Health

Providers insist on unexpected changes to the billing process

Healthcare providers continued to push officials to change the way they resolve network billing disputes and asked several federal agencies to clarify the requirement to provide uninsured patients with cost estimates for treatment.

An interim final rule establishes a dispute resolution element in the No Surprises Act, and the policy comment period ended on Monday. The rule states that arbitrators assisting payers and out-of-network providers in billing disputes should first consider the plan’s median on-net rate for a service provided in a region when the parties cannot resolve the payment dispute. While insurers argue that policy levels the game, suppliers argue that it tilts the balance in insurers’ favor.

“What should have been an independent review for both sides is now gone. In short, departments have removed this important constraint on plans and issuers, creating an almost insurmountable set of conditions for providers, ”wrote the American Hospital Association. v letter

The No Surprises Act states that arbitrators must consider a list of factors when deciding how much a payer should reimburse an out-of-network service provider. The list includes the median on-net payment rate, known as the qualified payment amount. It can also take into account the market share of each party, the supplier’s quality indicators, the patient’s visual acuity and a number of other factors.

Congress was victorious when it decided that billing disputes should be resolved through arbitration. But providers have been unhappy with the rules since their release in September. The Texas Medical Association is suing the federal government in an effort to block the ruling, and a hearing is scheduled for February 4.

The AHA wants officials to establish a final rule requiring arbitrators to consider all of the factors on the list.

Providers argue that the federal government’s decision to calculate the average on-net payment rate, as the implied external rate makes other factors less important and contrary to legislators’ wishes. The Federation of American Hospitals wrote in its letter that he does not believe that the federal government had the power to determine how payments were evaluated by arbitration bids.

“Congress wanted a fair and balanced system for resolving disputes that did not favor any factor … This could discourage insurers from offering fair contracts with doctors and limit patients’ access to health care,” wrote the American Academy of Neurology in their comments.

Lawmakers themselves disagree on whether the rule is in line with their vision. Bipartisan group 152 deputies sent a letter to heads of federal departments in November urging them to change the rule so that median on-net payment rates would not be defaulted, and leaders of the influential House Methods and Means Committee sent a similar message in October. But the leadership of the Home Education and Labor Committee continues to support rule.

“In addition to the simple language of the bylaws, the approach adopted by the IFR is in line with Congress’s bipartisan goal of lowering premiums and preventing inflation in health care costs,” said committee chairman Bobby Scott’s November 19 letter. .) and a senior member of Virginia Fox (RN.C.).

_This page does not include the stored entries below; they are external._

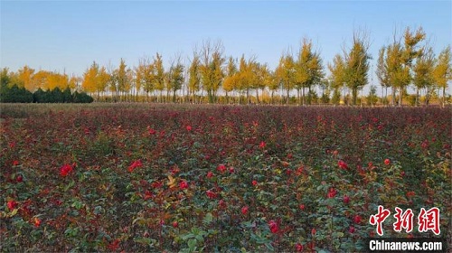 中新网陕西榆林10月26日电 (吴西檬)深秋时节,位于榆林市榆阳区的补浪河女子民兵治沙连内绿茵成片。由马鞭草、百日菊、沙漠玫瑰等花卉品种构成的沙漠花海,仿佛一幅绚丽的油画。当微风轻拂,连片的植被轻轻摇曳,似乎在述说着曾经的荒凉与如今的生机勃发。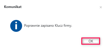 12. Zaakceptuj wyświetlony komunikat Poprawnie zapisano Klucz firmy przyciskiem OK.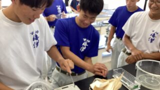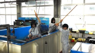 10月23日(水)栽培環境コース3年生のの研究活動で、バイオフロック養殖で育成しているティラピアの魚体測定を行いました。この水槽では、エサとともに砂糖を添加し、飼育水に微生物を増殖させることにより水質浄化を行っています。5月の開始時には...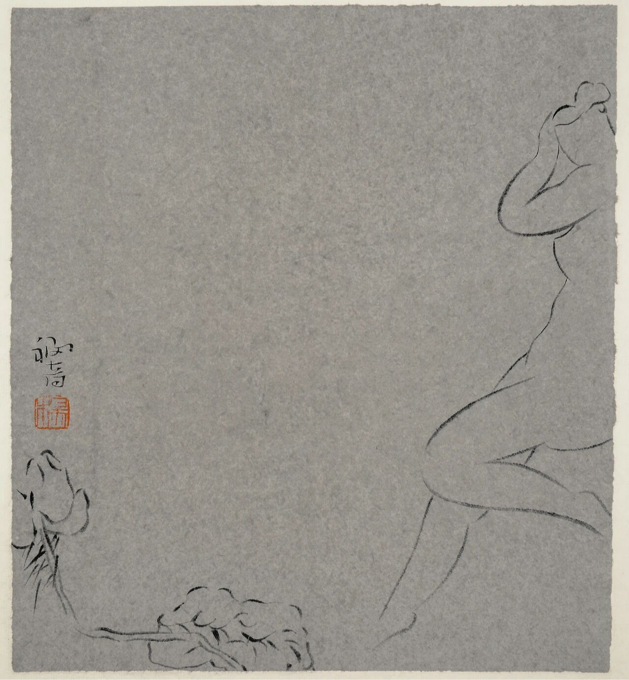 构图朴拙而颇具雅趣。一位高士右手执竿垂钓,却凝神注目于左手所握之书。钓絲下面,几尾小鱼在自在游弋。题款是:人适忘鱼,鱼适忘水。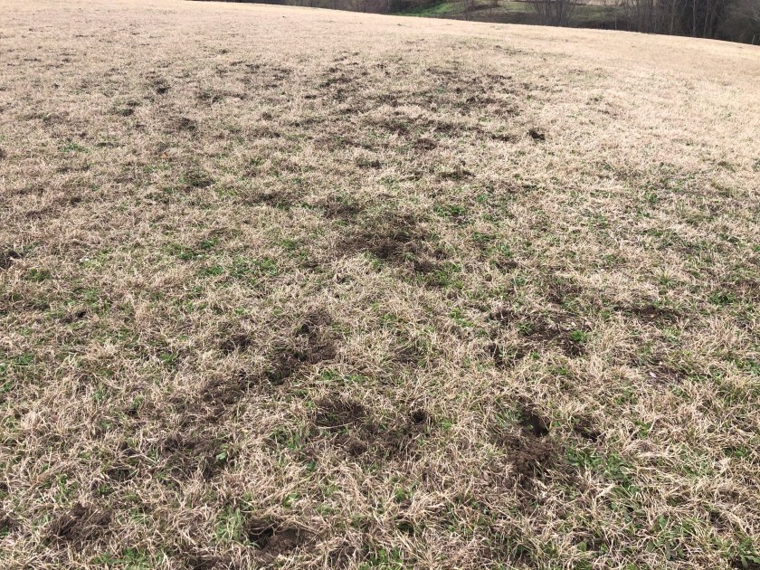 And now for another mess. When I looked outside this morning, a part of the field in front of the house looked suspiciously blackened. What could that have been? I hoped it wasn’t hogs. I was at an angle to where I couldn’t see exactly what was going on.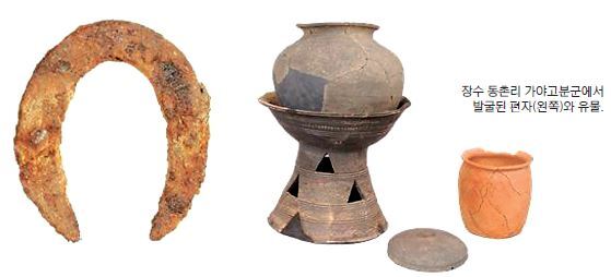 1일 장수군에 따르면 백두대간의 서쪽에 자리한 장수읍 동촌리 지역의 고분군 80여기 가운데 지름 16m 안팎의 중대형 봉분 1기에서 말뼈와 함께 징(釘)이 박힌 편자 1점이 나왔다. 봉분 내에는 주석곽(主石槨, 돌널무덤) 1기와 순장곽(殉葬槨) 2기가 배치됐으며, 이 주석곽에서 편자를 비롯해 단경호(短頸壺, 목 짧은 항아리), 기대(器臺, 그릇 받침), 발(鉢, 바리), 개(蓋, 뚜껑) 등의 토기류가 함께 발견됐다.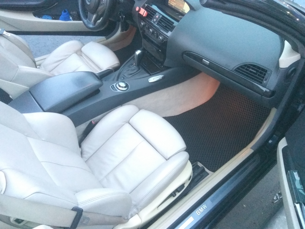 EVA коврики для автомобиля BMW 6 II (E63/E64) 2003-2010 в Москве — это лучший выбор. Покрытие из этого ячеистого полимерного материала покупают сотни автолюбителей. Коврики из ЭВА долговечные, прочные, красивые. Сроки службы изделий — от 5 лет. Коврики защищают пол автомобиля от грязи и влаги, а салон — от лишней пыли.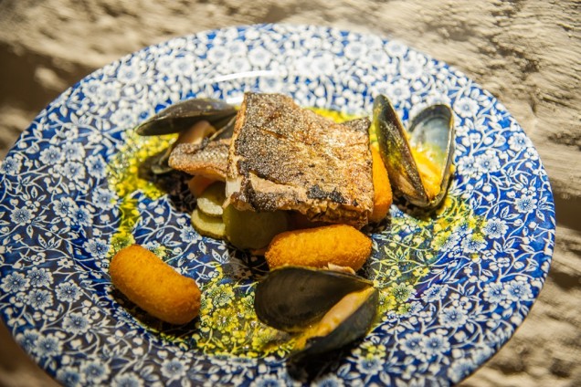 • Char Grilled Seabass served with curry and coconut mussel cream pickled vegetables and potato croquet.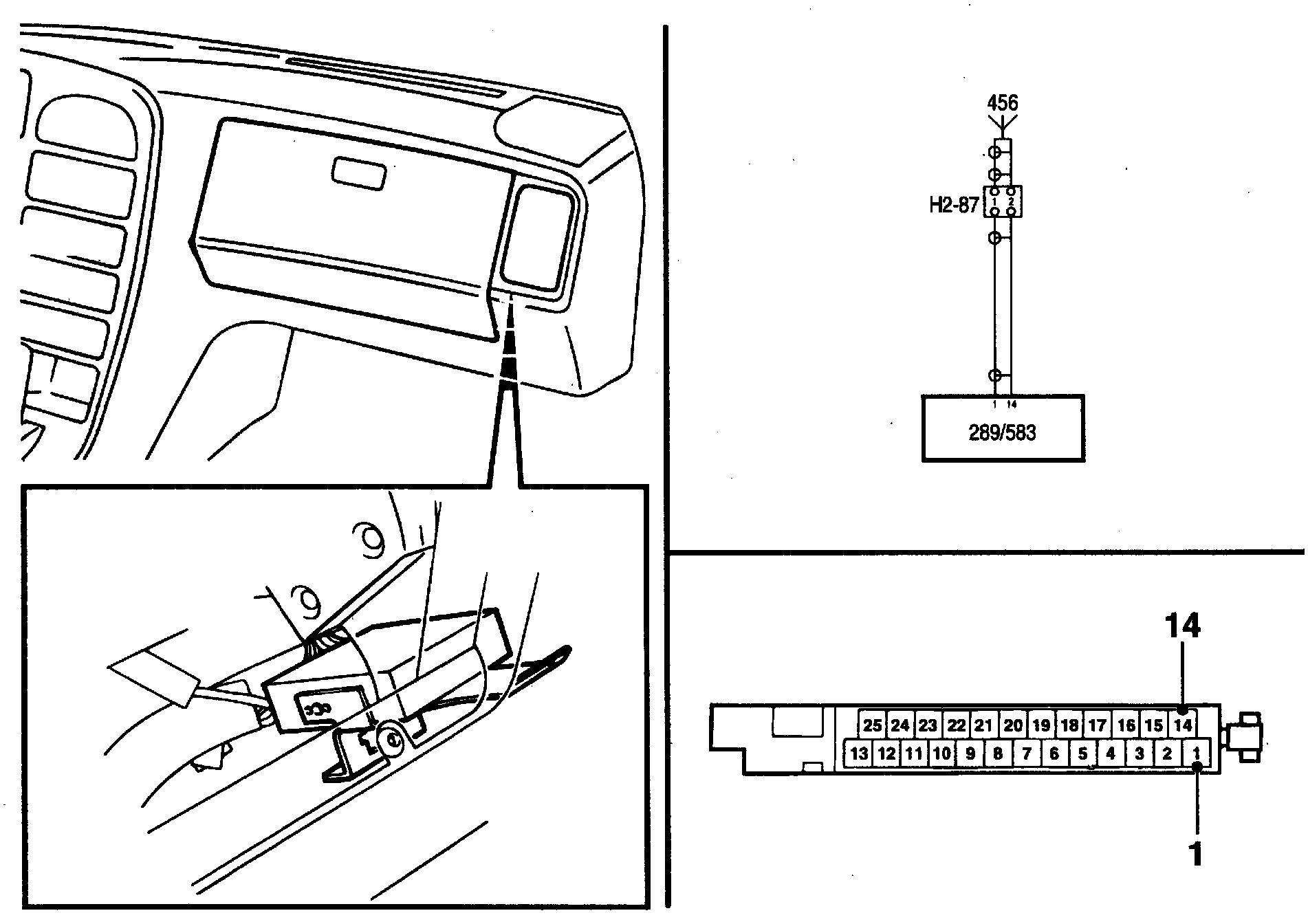 - Connector H2-87, pin 2, and the alarm control module, pin 14.

Insurers say it makes sense to place more emphasis on intra-network median rates in disputes. Ensuring that off-chain rates are similar to those that lead to predictability in the dispute resolution process, which can help move towards no need for the process at all, writes AHIP in its letter… The insurance lobby also said the move could encourage more suppliers to go online.

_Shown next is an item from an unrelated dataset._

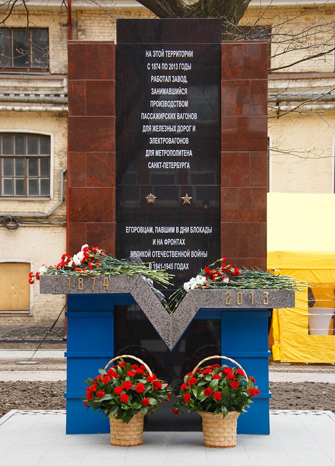 Памятник увековечил славную историю места, где с 1874 по 2013 годы работал завод им. И. Е. Егорова, и подвиг его рабочих, воевавших на фронтах Великой Отечественной войны и продолжавших трудиться в тяжелые дни блокады Ленинграда.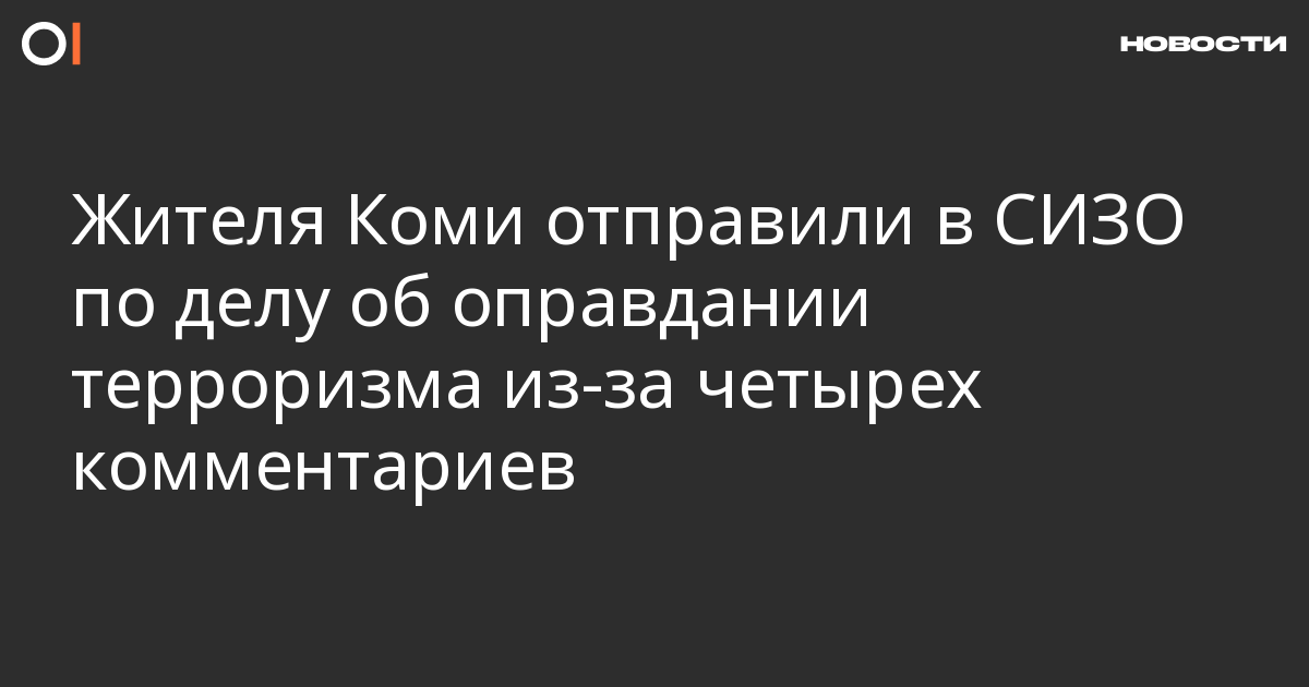 Против жителя поселка Нижний Одес (Коми) Алексея Соболева возбудили уголовное дело об оправдании терроризма в интернете (ч. 2 ст. 205.2 УК) из-за четырех комментариев об РДК и «Азове». Молодой человек находится в СИЗО. Об этом ОВД-Инфо сообщила мать Соболева.

“Without an objective standard to guide (arbitrators), the question of how off-network providers should be compensated becomes a highly subjective decision when arbitrators brought in through (arbitrators) have to guess and the predictability of IDR becomes random,” AHIP wrote.

The AHIP also asked officials to issue guidance on how to determine if state law applies to a claim and how the web portal functions when it is unclear whether a dispute should be resolved through federal or state processes.

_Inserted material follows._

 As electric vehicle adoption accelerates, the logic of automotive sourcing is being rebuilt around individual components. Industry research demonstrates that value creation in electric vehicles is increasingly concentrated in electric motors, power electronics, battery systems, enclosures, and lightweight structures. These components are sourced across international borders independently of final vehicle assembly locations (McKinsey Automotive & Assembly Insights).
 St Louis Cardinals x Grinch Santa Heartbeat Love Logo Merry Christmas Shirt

In addition, some provider groups are concerned about the rule requirement that providers offer uninsured or self-paying patients with an estimate of the cost of treatment, which confuses patients. Other services may be scheduled separately and these costs will not be included in the assessment given to the patient. American Association of Medical Groups wrote a letter in the commentary.

The AHA has called on the Department of Health and Human Services to align its hospital price transparency requirements with its cost estimation policy. Hospitals that meet the patient scoring tool requirements for price transparency should also be considered eligible to estimate the cost of unexpected billing, the AHA wrote in its letter.

Unexpected billing rules take effect on January 1st.